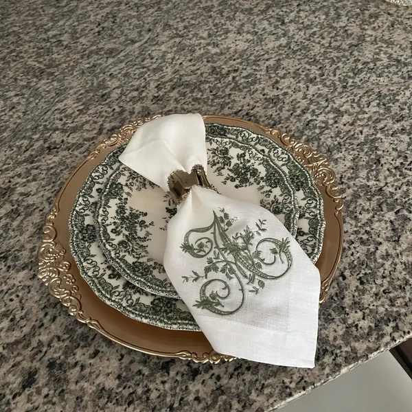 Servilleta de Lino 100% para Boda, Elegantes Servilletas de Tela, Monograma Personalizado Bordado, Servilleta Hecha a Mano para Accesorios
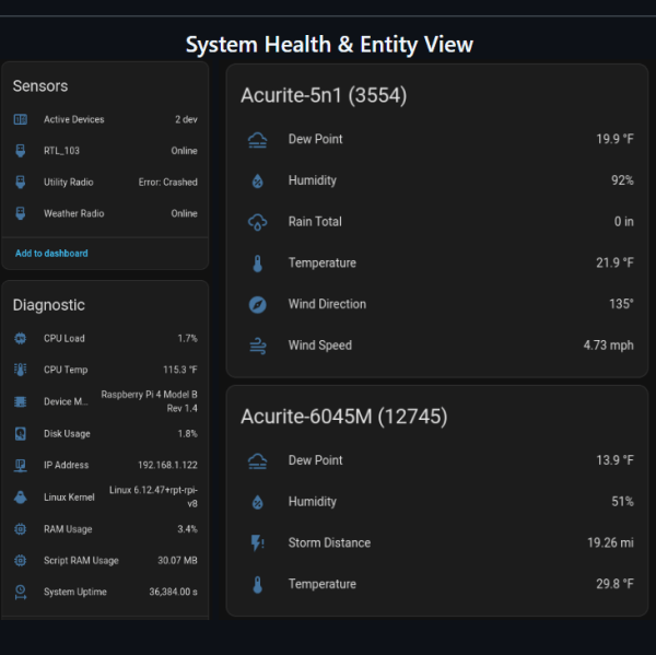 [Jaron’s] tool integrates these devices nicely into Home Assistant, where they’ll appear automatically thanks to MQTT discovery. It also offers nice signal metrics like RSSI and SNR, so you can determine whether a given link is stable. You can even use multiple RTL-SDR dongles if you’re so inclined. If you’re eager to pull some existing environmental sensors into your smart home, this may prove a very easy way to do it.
══════
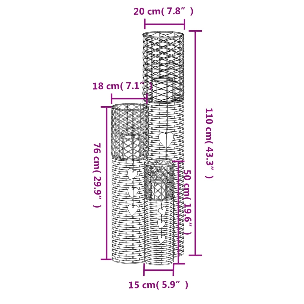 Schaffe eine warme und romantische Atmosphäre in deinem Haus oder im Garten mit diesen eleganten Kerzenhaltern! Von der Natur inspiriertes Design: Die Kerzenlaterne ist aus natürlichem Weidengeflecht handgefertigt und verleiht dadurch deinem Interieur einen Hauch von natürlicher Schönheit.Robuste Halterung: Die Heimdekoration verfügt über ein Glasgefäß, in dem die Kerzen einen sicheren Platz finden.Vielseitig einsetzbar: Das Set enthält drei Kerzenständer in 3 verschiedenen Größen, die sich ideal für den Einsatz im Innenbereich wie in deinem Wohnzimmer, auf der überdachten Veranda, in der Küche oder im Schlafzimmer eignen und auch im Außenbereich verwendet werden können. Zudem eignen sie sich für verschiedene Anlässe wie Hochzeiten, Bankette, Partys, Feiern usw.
══════
Directions:
While skipping the pictures, transcribe the data above from the line showing "Servilleta de Lino" through the line showing "[Jaron’s] tool integrates", exactly and with both ends.

Answer box:
 Servilleta de Lino 100% para Boda, Elegantes Servilletas de Tela, Monograma Personalizado Bordado, Servilleta Hecha a Mano para Accesorios
 [Jaron’s] tool integrates these devices nicely into Home Assistant, where they’ll appear automatically thanks to MQTT discovery. It also offers nice signal metrics like RSSI and SNR, so you can determine whether a given link is stable. You can even use multiple RTL-SDR dongles if you’re so inclined. If you’re eager to pull some existing environmental sensors into your smart home, this may prove a very easy way to do it.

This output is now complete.